(Record extracts Opens)

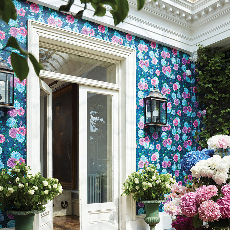 Your interiors are emphasized by a natural touch of fresh inspirations decor with this bouquet of vibrant blush-violet dahlias and peonies on an ice lace-like damask background creating an impression of a lush English garden vista.
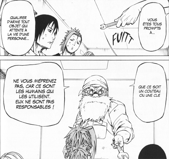 En fait ce tome est relativement complet et l’auteur développe pas mal d’aspects à la fois, évitant ainsi la monotonie. Toujours avec ce désir de nous faire réfléchir sur cette fameuse loi de réparation, il s’amuse à nous démontrer que tout n’est pas blanc ou noir et qu’il est parfois difficile de savoir si cette loi est juste. Ainsi, on a le point de vue du côté du condamné et de sa famille ce qui est vraiment très intéressant. Mais la partie la plus intéressante du tome pour ma part est la dernière histoire qui est à la fois poignante et intelligente. Par contre, certains chapitres s’avèrent un peu poussifs en terme de narration et le rythme en pâtit quelque peu.
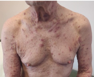 In April 2020, new erythematous plaques developed on the trunk, neck, and upper limbs (Figure 1), coinciding with a sharp increase in the IgA-kappa paraprotein level (35 g/L) and a free light chain ratio >100. EBV-DNA was 68,280 copies/mL. Skin biopsy revealed a dermal infiltrate of clonal plasma cells (CD38+, CD138+, MUM1+, CD56±, IgA-kappa+) consistent with cutaneous myeloma. FISH demonstrated TP53 deletion; Epstein-Barr virus-encoded small RNA (EBER was negative in plasma-cells. Repeat bone marrow biopsy showed no evidence of AITL or myeloma. A new PET/CT scan showed persistence of FDG uptake in the small lung nodule, while no FDG lesions were detected in the bones and other organs. The patient received pomalidomide, bortezomib, and dexamethasone, but the disease rapidly progressed. He developed acute renal failure and died of sepsis in June 2020.
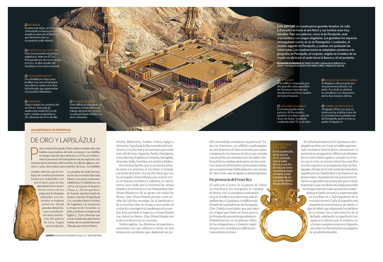 Fundada en 518 a. C. por el rey Darío I (549-486 a. C.), Persépolis fue la capital de los persas hasta su conquista por Alejandro Magno en 331 a. C. National Geographic Historia se ocupó de esta monumental ciudad en el reportaje titulado Persépolis. La fastuosa corte de los reyes persas, e incluyó la infografía que reconstruye la espléndida ciudad de la dinastía aqueménida. Tanto por su ubicación, en una terraza del monte Kuh-e Rahmat, en la actual provincia de Fars, como por sus dimensiones, su estructura y la magnificencia de su monumental arquitectura, basada en modelos mesopotámicos, Persépolis no tiene parangón entre las capitales de la Antigüedad. Fue una ciudad palacial, dedicada a grandes ceremonias religiosas y de Estado, y a impresionar a las legaciones extranjeras, aunque existe controversia en torno a sus funciones. La Apadana, la Tachara, la sala de las 32 columnas y los palacios del Tesoro y de las Cien Columnas son algunas de las construcciones más conocidas de este conjunto monumental único, obra de Darío I y sus sucesores, Jerjes I y Artajerjes I. En las inmediaciones, excavadas en la roca de Kuh-e Rahmat, en el sitio llamado Naqsh-e Rostam, se encuentran las tumbas de varios soberanos de la dinastía aqueménida. La Unesco declaró a Persépolis Patrimonio de la Humanidad en 1979.
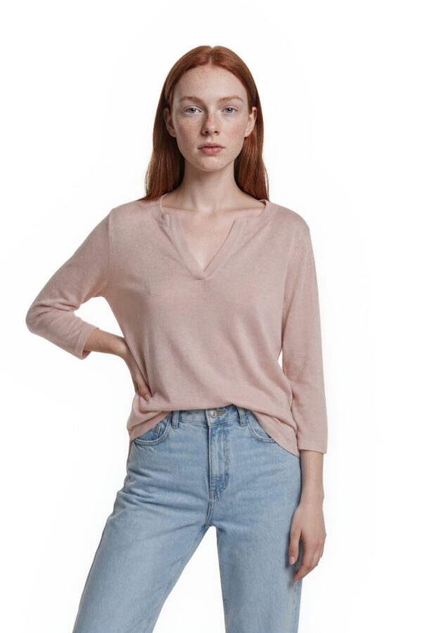 New Talbots Petites Top Women's Size Small Pink Linen 3/4 Sleeve
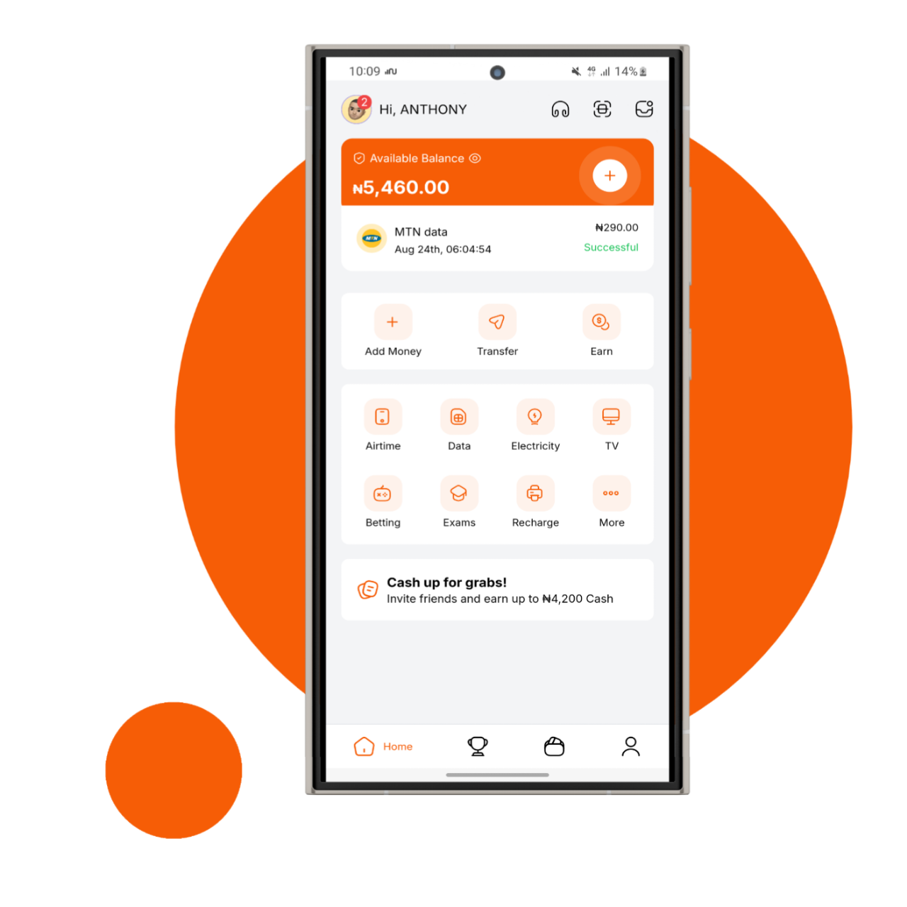 You can pay bills such as Data, Airtime, Cable TV, Electricity & more.

(Record extracts Closes)

Task to carry out ->
Please return the entries above exactly as they appear, but without the pictures.

Answer below ->
 Your interiors are emphasized by a natural touch of fresh inspirations decor with this bouquet of vibrant blush-violet dahlias and peonies on an ice lace-like damask background creating an impression of a lush English garden vista.
 En fait ce tome est relativement complet et l’auteur développe pas mal d’aspects à la fois, évitant ainsi la monotonie. Toujours avec ce désir de nous faire réfléchir sur cette fameuse loi de réparation, il s’amuse à nous démontrer que tout n’est pas blanc ou noir et qu’il est parfois difficile de savoir si cette loi est juste. Ainsi, on a le point de vue du côté du condamné et de sa famille ce qui est vraiment très intéressant. Mais la partie la plus intéressante du tome pour ma part est la dernière histoire qui est à la fois poignante et intelligente. Par contre, certains chapitres s’avèrent un peu poussifs en terme de narration et le rythme en pâtit quelque peu.
 In April 2020, new erythematous plaques developed on the trunk, neck, and upper limbs (Figure 1), coinciding with a sharp increase in the IgA-kappa paraprotein level (35 g/L) and a free light chain ratio >100. EBV-DNA was 68,280 copies/mL. Skin biopsy revealed a dermal infiltrate of clonal plasma cells (CD38+, CD138+, MUM1+, CD56±, IgA-kappa+) consistent with cutaneous myeloma. FISH demonstrated TP53 deletion; Epstein-Barr virus-encoded small RNA (EBER was negative in plasma-cells. Repeat bone marrow biopsy showed no evidence of AITL or myeloma. A new PET/CT scan showed persistence of FDG uptake in the small lung nodule, while no FDG lesions were detected in the bones and other organs. The patient received pomalidomide, bortezomib, and dexamethasone, but the disease rapidly progressed. He developed acute renal failure and died of sepsis in June 2020.
 Fundada en 518 a. C. por el rey Darío I (549-486 a. C.), Persépolis fue la capital de los persas hasta su conquista por Alejandro Magno en 331 a. C. National Geographic Historia se ocupó de esta monumental ciudad en el reportaje titulado Persépolis. La fastuosa corte de los reyes persas, e incluyó la infografía que reconstruye la espléndida ciudad de la dinastía aqueménida. Tanto por su ubicación, en una terraza del monte Kuh-e Rahmat, en la actual provincia de Fars, como por sus dimensiones, su estructura y la magnificencia de su monumental arquitectura, basada en modelos mesopotámicos, Persépolis no tiene parangón entre las capitales de la Antigüedad. Fue una ciudad palacial, dedicada a grandes ceremonias religiosas y de Estado, y a impresionar a las legaciones extranjeras, aunque existe controversia en torno a sus funciones. La Apadana, la Tachara, la sala de las 32 columnas y los palacios del Tesoro y de las Cien Columnas son algunas de las construcciones más conocidas de este conjunto monumental único, obra de Darío I y sus sucesores, Jerjes I y Artajerjes I. En las inmediaciones, excavadas en la roca de Kuh-e Rahmat, en el sitio llamado Naqsh-e Rostam, se encuentran las tumbas de varios soberanos de la dinastía aqueménida. La Unesco declaró a Persépolis Patrimonio de la Humanidad en 1979.
 New Talbots Petites Top Women's Size Small Pink Linen 3/4 Sleeve
 You can pay bills such as Data, Airtime, Cable TV, Electricity & more.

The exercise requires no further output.